## THE PROBLEM
Look below for the line with "Caracteristicas: Kit includes" and the line with "배터리 원재료부터 전기차 파워트레인까지 공급망 전반의 혁신 기술이 전시됩니다.". Copy exactly those two lines and every line between, but not the pictures.

## RECORDS FOR THE EXERCISE
+ + +
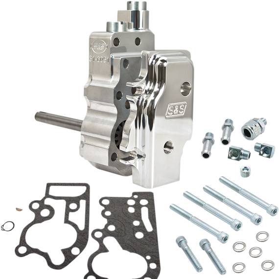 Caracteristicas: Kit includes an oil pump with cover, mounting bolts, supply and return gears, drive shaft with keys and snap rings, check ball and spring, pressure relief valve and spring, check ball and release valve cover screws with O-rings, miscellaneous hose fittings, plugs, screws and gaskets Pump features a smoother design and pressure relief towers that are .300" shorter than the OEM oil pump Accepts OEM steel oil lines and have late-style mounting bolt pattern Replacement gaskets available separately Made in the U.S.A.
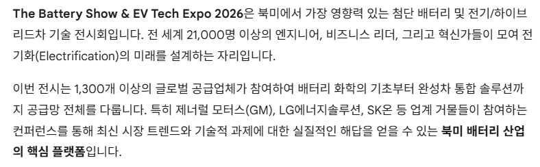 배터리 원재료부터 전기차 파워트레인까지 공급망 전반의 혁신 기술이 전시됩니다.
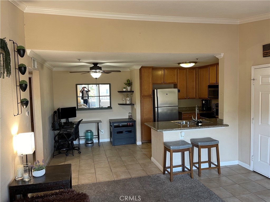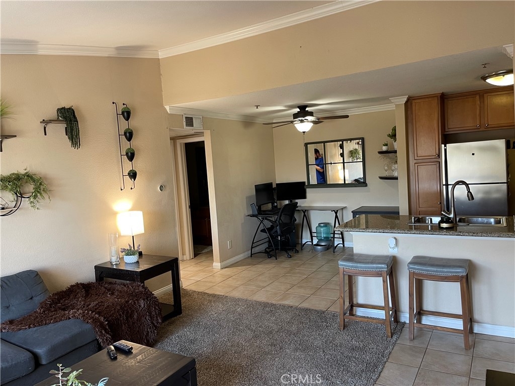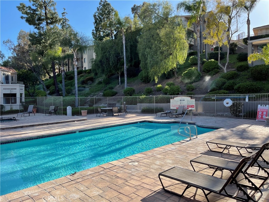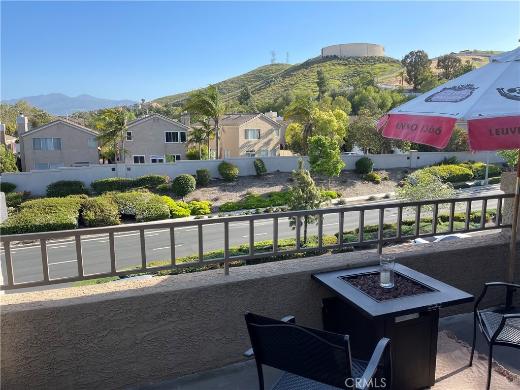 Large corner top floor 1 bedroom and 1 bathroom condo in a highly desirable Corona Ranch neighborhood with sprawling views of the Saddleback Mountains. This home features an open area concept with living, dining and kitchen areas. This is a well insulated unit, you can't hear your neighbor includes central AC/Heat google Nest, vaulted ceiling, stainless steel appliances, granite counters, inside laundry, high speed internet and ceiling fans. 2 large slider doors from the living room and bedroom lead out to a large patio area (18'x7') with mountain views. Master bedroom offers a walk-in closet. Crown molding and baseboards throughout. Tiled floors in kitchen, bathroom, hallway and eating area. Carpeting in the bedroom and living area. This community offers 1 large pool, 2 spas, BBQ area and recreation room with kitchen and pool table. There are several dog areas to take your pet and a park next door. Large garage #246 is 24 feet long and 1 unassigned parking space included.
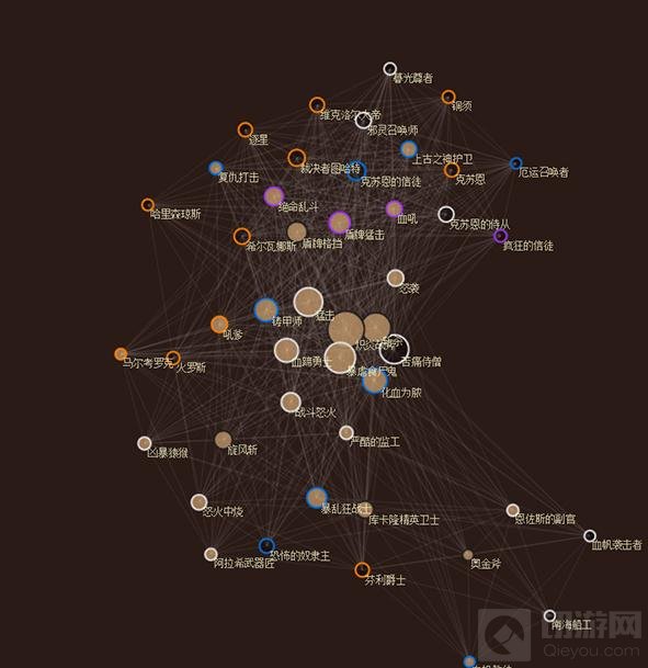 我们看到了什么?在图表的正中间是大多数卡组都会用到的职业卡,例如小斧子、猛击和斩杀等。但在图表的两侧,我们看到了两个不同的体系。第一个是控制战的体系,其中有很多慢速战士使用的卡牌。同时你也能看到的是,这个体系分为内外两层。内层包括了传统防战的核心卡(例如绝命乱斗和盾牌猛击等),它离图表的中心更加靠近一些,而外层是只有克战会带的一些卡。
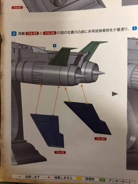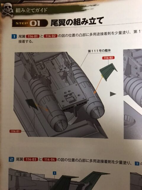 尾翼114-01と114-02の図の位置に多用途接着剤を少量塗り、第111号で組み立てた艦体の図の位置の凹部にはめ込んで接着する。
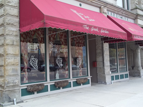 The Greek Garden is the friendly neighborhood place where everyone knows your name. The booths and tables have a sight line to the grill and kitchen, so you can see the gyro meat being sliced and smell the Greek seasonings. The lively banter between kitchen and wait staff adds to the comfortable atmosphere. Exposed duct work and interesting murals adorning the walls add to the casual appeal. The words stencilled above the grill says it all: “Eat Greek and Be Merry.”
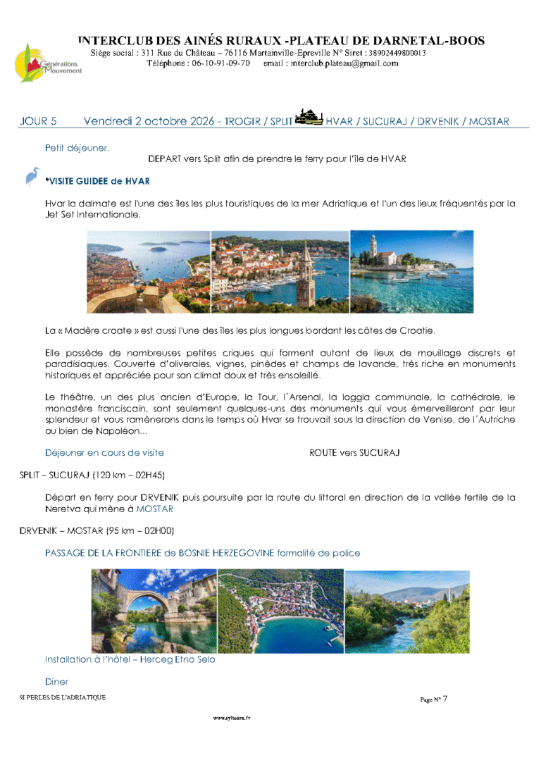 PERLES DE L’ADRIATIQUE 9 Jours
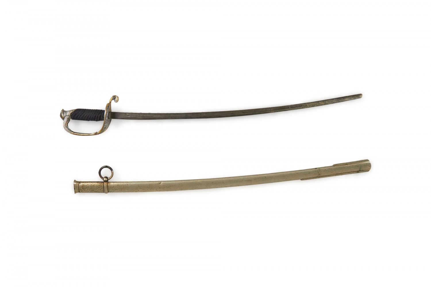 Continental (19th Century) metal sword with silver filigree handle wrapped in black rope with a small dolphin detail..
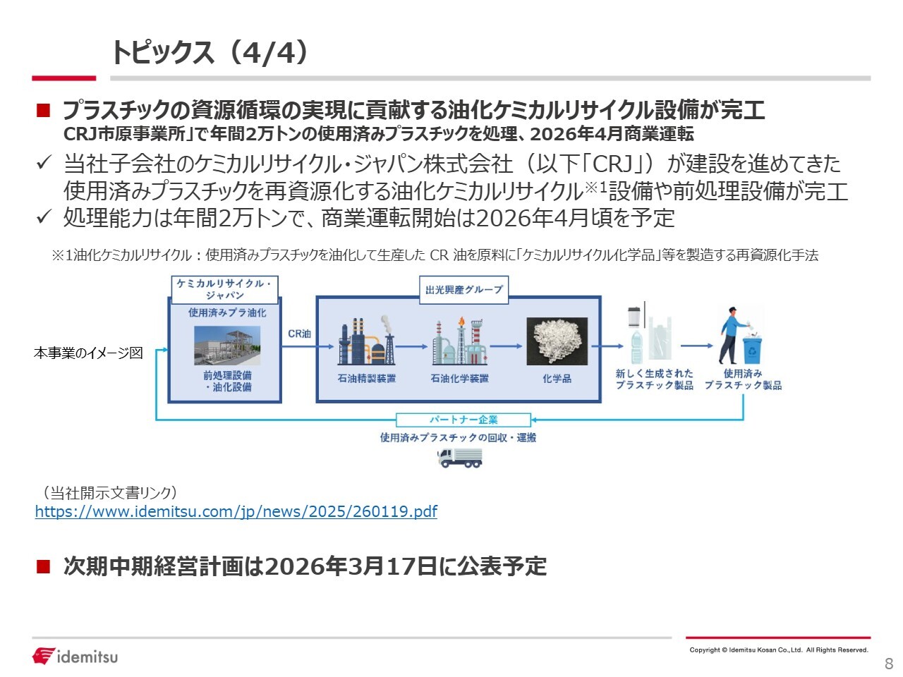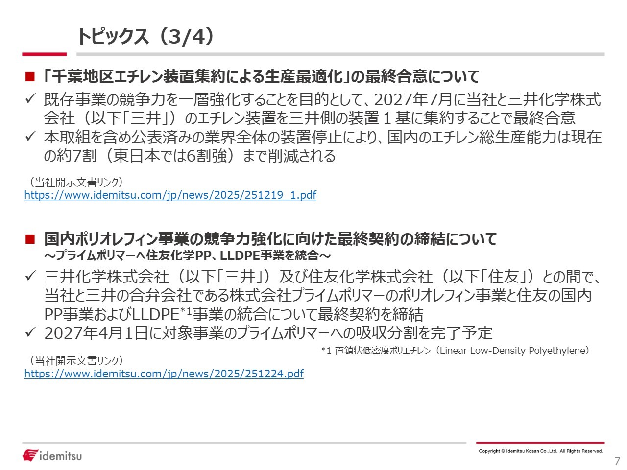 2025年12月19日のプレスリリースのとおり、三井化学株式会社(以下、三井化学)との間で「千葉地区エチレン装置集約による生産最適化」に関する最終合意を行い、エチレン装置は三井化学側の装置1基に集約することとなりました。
+ + +
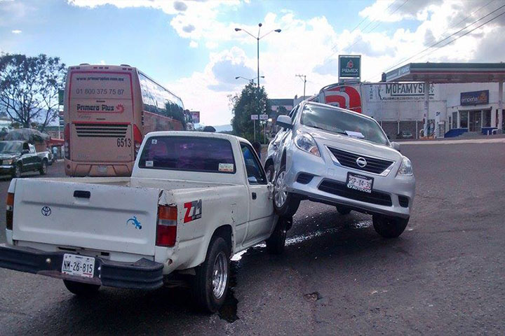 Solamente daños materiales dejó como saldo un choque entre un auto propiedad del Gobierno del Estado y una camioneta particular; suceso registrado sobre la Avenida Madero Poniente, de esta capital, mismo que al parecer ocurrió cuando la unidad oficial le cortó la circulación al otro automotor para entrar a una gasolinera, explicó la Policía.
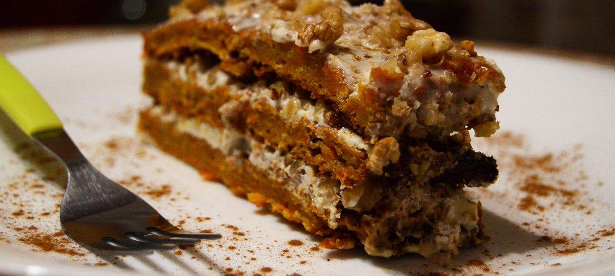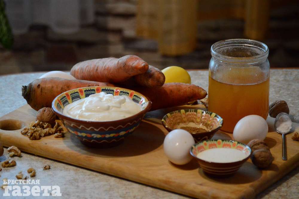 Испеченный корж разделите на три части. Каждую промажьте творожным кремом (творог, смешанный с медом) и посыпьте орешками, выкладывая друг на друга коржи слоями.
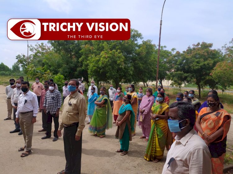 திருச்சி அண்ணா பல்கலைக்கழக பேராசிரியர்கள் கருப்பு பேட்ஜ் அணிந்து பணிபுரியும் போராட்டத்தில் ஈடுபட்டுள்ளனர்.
+ + +
## EXERCISE ANSWER
 Caracteristicas: Kit includes an oil pump with cover, mounting bolts, supply and return gears, drive shaft with keys and snap rings, check ball and spring, pressure relief valve and spring, check ball and release valve cover screws with O-rings, miscellaneous hose fittings, plugs, screws and gaskets Pump features a smoother design and pressure relief towers that are .300" shorter than the OEM oil pump Accepts OEM steel oil lines and have late-style mounting bolt pattern Replacement gaskets available separately Made in the U.S.A.
 배터리 원재료부터 전기차 파워트레인까지 공급망 전반의 혁신 기술이 전시됩니다.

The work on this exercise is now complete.